LAUSD Teachers Face Layoff Notices



On Tuesday, March 10, 2009, the Los Angeles Board of Education voted to send layoff notices to some 9,000 LAUSD teachers.  Hundreds of teachers and students showed up at the meeting to protest the lay-offs.  One of them was Alex Caputo-Pearl, lead teacher at the Social Justice and Law Academy at Crenshaw High School.  Below is his account of what happened.

Amidst crisis, United Teachers Los Angeles (UTLA) has come upon a moment in which it can most crystallize what it means to be a social justice union.  The union has the opportunity to wage a direct, impactful, and widely public fight around class size, school reform, high-needs schools, and the status of newer teachers – a direct fight that has the potential to build alliances with thousands of parents, students, union members, and community organizations.

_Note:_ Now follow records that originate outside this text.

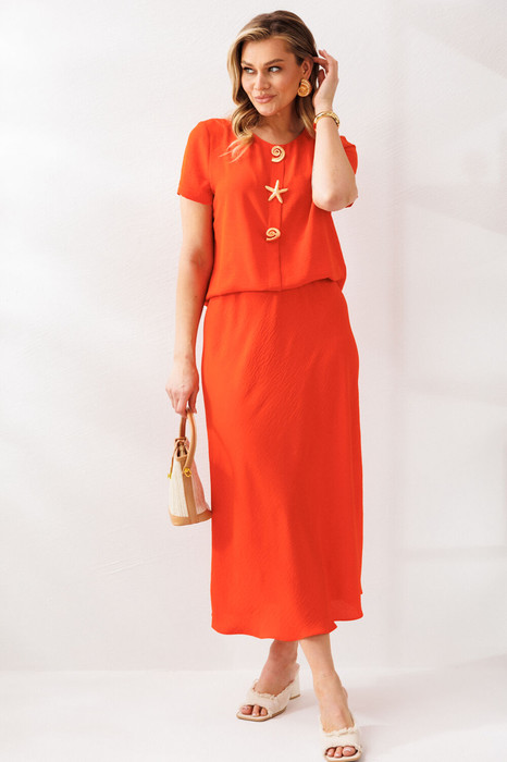 Юбка расширенная к низу. Верхний срез оформлен поясом с эластичной резинкой. Юбка без подкладки.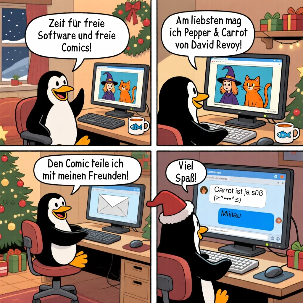 Entstehung: Die Comics wurden mit KI nach meinen Prompts erstellt und von mir mit IOPaint und GIMP nachbearbeitet und anschließend in Inkscape mit Text versehen. |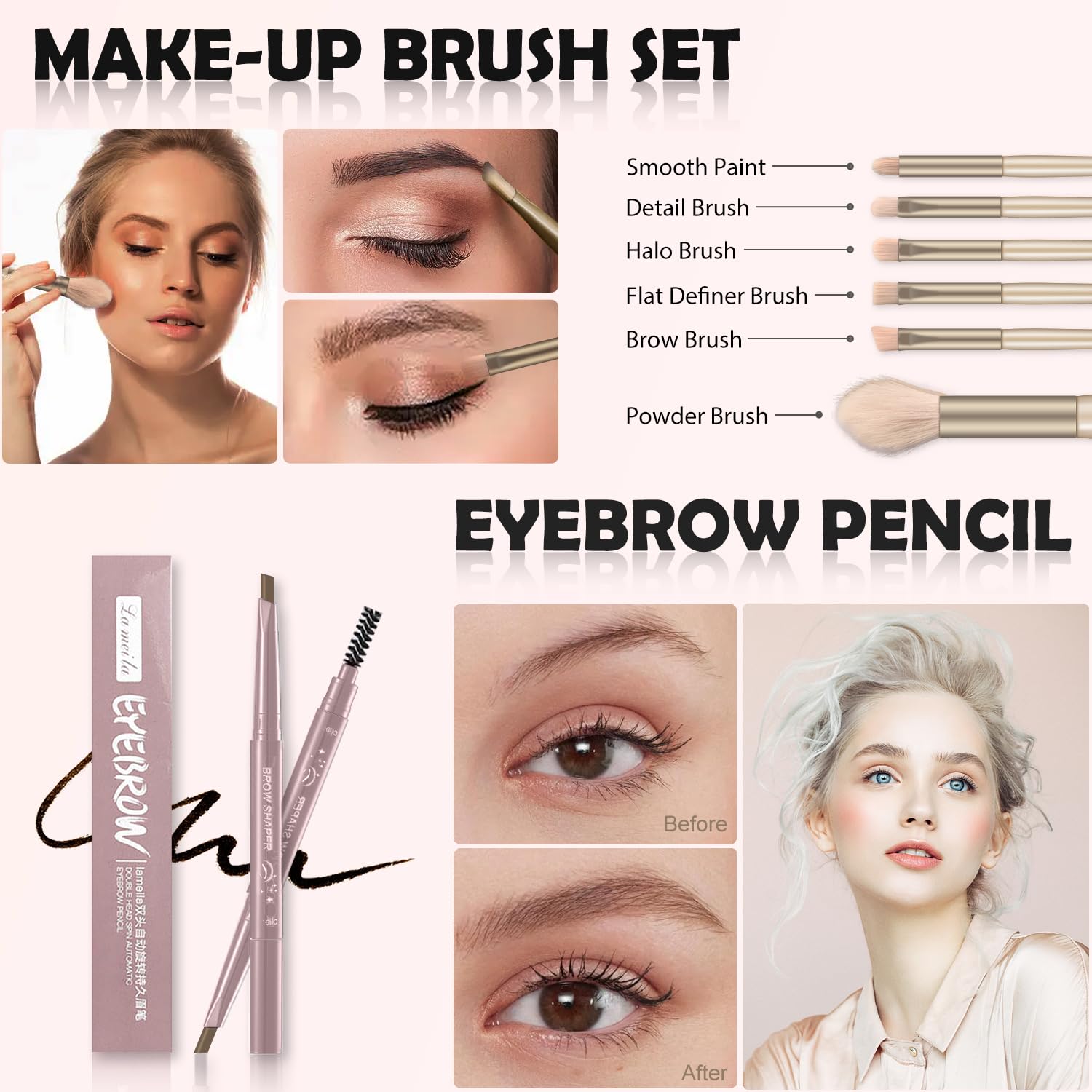 - đăWhat's in the Makeup Set?ă1 x 10 colors eyeshadow palette, 1 x waterproof and smudge-shield mascara, 1 x waterproof and smooth liquid eyeliner, 1 x Sepia eyebrow pencil, 1 x 6 pcs soft makeup brush set, 1 x lip gloss. Our eyeshadow palette's expertly curated shades are perfect for shading, highlighting, and defining eyes, brows, and the contours of the face.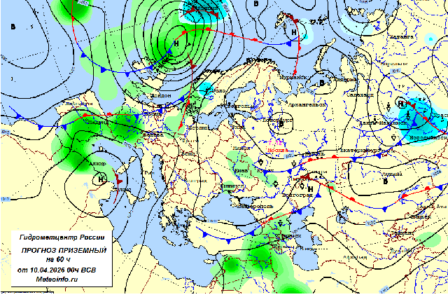 В минувшие сутки 9 - ночью 10 апреля отмечалась наиболее неблагоприятная погода. В ЦФО прошли небольшие и умеренные осадки в виде дождя, мокрого снега, снега. В Тамбовской области отмечались сильные осадки (дождь, мокрый снег, снег) зарегистрировано до 32 мм влаги. Местами образовался временный снежный покров, высота которого на юге Московской области (МС Кашира) составила 4 см, в столице на МС ВДНХ зарегистрировано 2 см снега. Сегодня днём вблизи центра циклона, расположившегося над центральными областями ЦФО, сохранятся небольшие и умеренные осадки в виде снега, мокрого снега и дождя. В отдельных районах образуется отложение мокрого снега на проводах и деревьях. Северный, северо-восточный ветер усилится до 13-18 м/с. В Воронежской области вероятна гроза. Преобладающая температура воздуха составит +2…+9 градусов. Местами возникнет гололедица.

A major step was taken down the road towards social justice unionism on Tuesday, March 10, when UTLA officers and rank-and-file organized a civil disobedience action to stop the LAUSD School Board from voting to lay off 10,000 employees, over half classroom teachers, with a significant portion being permanent employees, and over half being probationary contract employees.  Dramatic ripple effects of such lay-offs include a racially- and class-discriminatory impact on high-needs schools, which are harder to staff, depend more on probationary contract teachers, and would be disrupted more by lay-offs of probationary contract employees. 

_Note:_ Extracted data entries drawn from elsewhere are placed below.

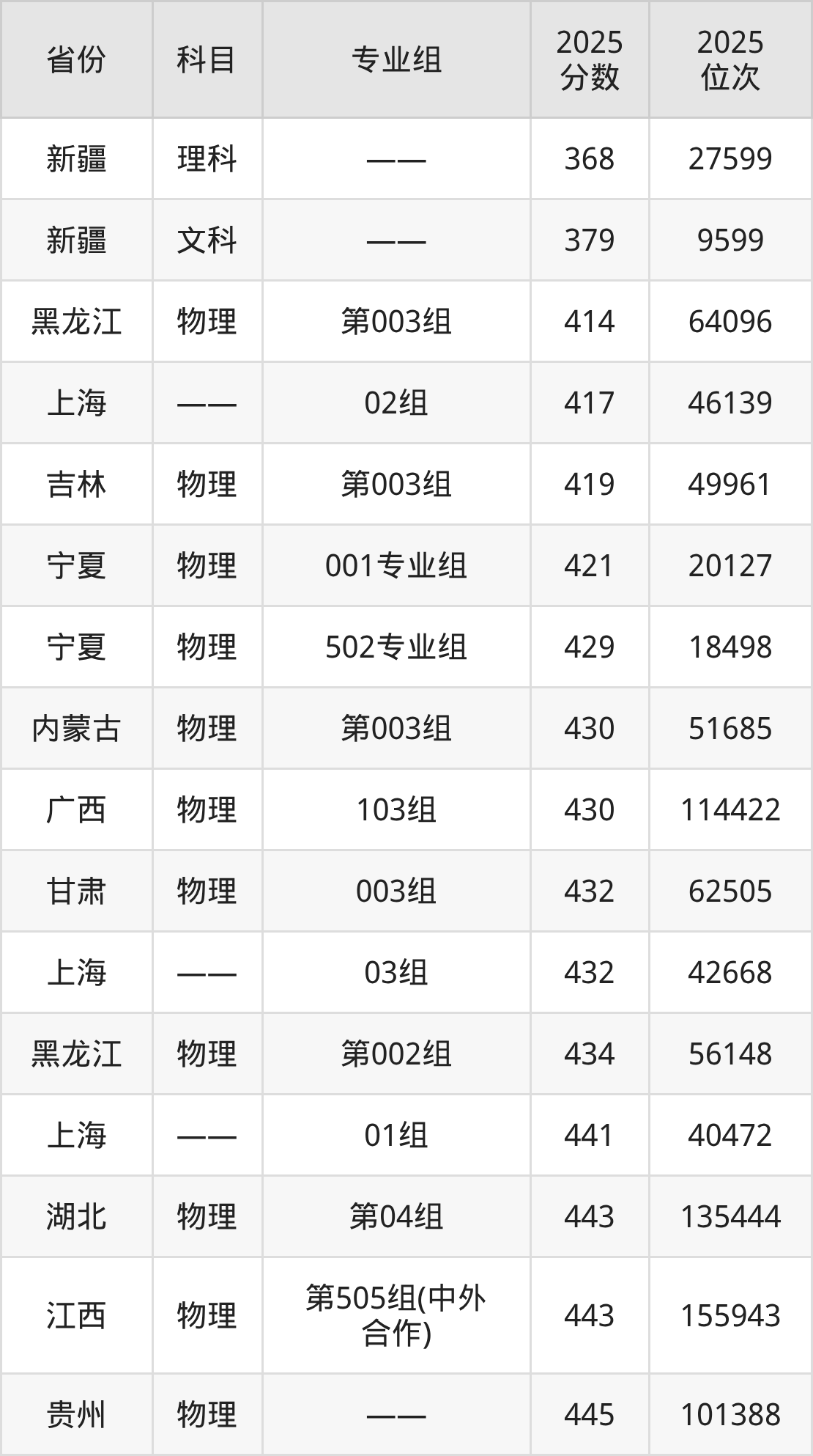 理科:2025年九江学院录取最低分是368分(新疆),对应的位次排名是27599名。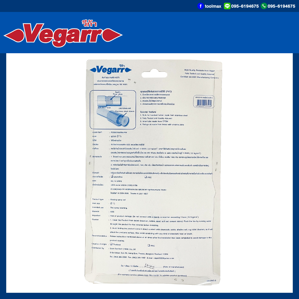 หัวฉีดน้ำชำระ พร้อมสาย สีขาว ยี่ห้อ Vegarr(วีก้า) รุ่น VK123W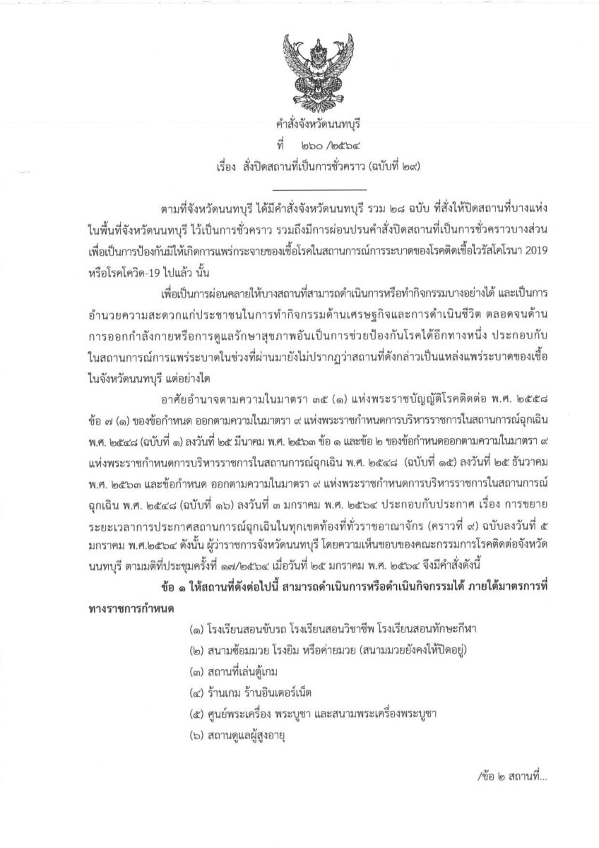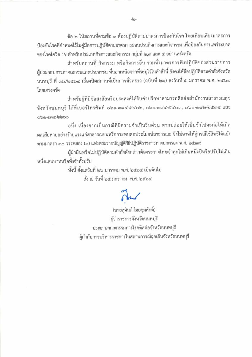 วานนี้ (25 ม.ค.) นายสุจินต์ ไชยชุมศักดิ์ ผู้ว่าราชการจังหวัด นนทบุรี ในฐานะประธานคณะกรรมการโรคติดต่อจังหวัดนนทบุรี ผู้กำกับการบริหารราชการในสถานการณ์ฉุกเฉินจังหวัดนนทบุรี ออกคำสั่งจังหวัด ที่ 260/2564 ลงวันที่ 25 มกราคม 2564 ให้สถานที่ดังต่อไปนี้ สามารถดำเนินการหรือดำเนินกิจการได้ โดยต้องปฏิบัติตามมาตรการป้องกันโรคอย่างเคร่งครัด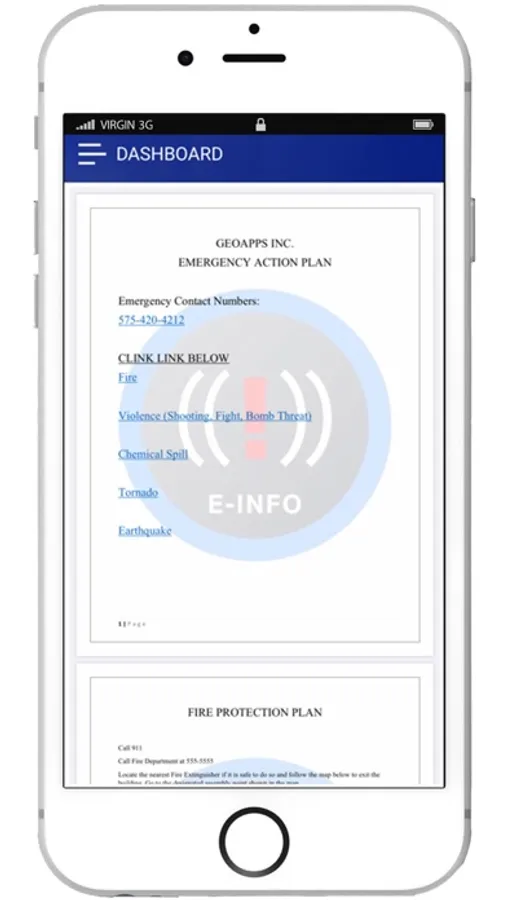 +Users download the E-Info App onto their smartphone device. Once they enter the geofenced location(s) they will automatically have the emergency plans, evacuation plans, and response plans designated for the location(s).

Lay-offs would balloon class sizes and issue a direct attack on innovative school reforms, which often occur with the deep involvement of newer, probationary contract teachers.  The Southern California economy would have to withstand more unemployment in a time of economic crisis.

On March 10, Los Angeles and the country (CNN and other stations carried the story) got a glimpse of what a fight around these issues could look like. 

Two hundred teachers and parents of all ages disrupted the School Board meeting in the middle of the work day and refused to leave, calling for the Board not to vote for lay-offs.  The Board eventually left, and the police cleared the room except for those 60 willing to be arrested.  Dozens of media cameras, microphones, and reporters encircled the protesters.

Parents and teachers gave speeches about their stories — to each other and to the media.  Probationary teachers, majority teachers of color, stood up and spoke about their commitment to the students, their direct involvement in reform in high-needs schools, and their overall anger about being threatened.  Parents and grandparents from ACORN spoke on their commitment to work with teachers and to defend public education, and their perspective as working class parents whose families depend upon public services.

The protesters received word that the Board had, in private chambers that would raise legal questions, voted 5-2 in favor of the lay-offs, class size increases, and destruction of reform.  In part because of the presence of the media, the police refused to arrest the protesters.  Though the defeat of the Board vote weighed heavily on people’s shoulders, the protesters could already get a sense of the tactical victory that would come with the expansive media coverage, generally sympathetic to the teachers and parents.  And, the arrests of these leaders could be saved for another day soon.  

The day culminated when the protesters marched out, greeted by hundreds of supporters and even more media.  The picture perfect arrival of 70-80 students from the Coalition for Educational Justice chapters at LA High, Crenshaw, Dorsey, and Washington high schools (all high-needs schools) was a highlight — with the students coming in strong with their own independent chants and artistic banners, a clear understanding of the issues, and unbounded energy.

Now, UTLA and its allies have a chance to build on this.  Small guerilla actions are happening where District offices are being "pink slipped," parent/community forums are happening, and there is talk of a one-day, illegal strike.  In this crisis, the fight to protect the most vulnerable is necessary — and, it is also a golden opportunity to teach ourselves, our students and their families, and the public about what a transformation to a social justice union could really look like.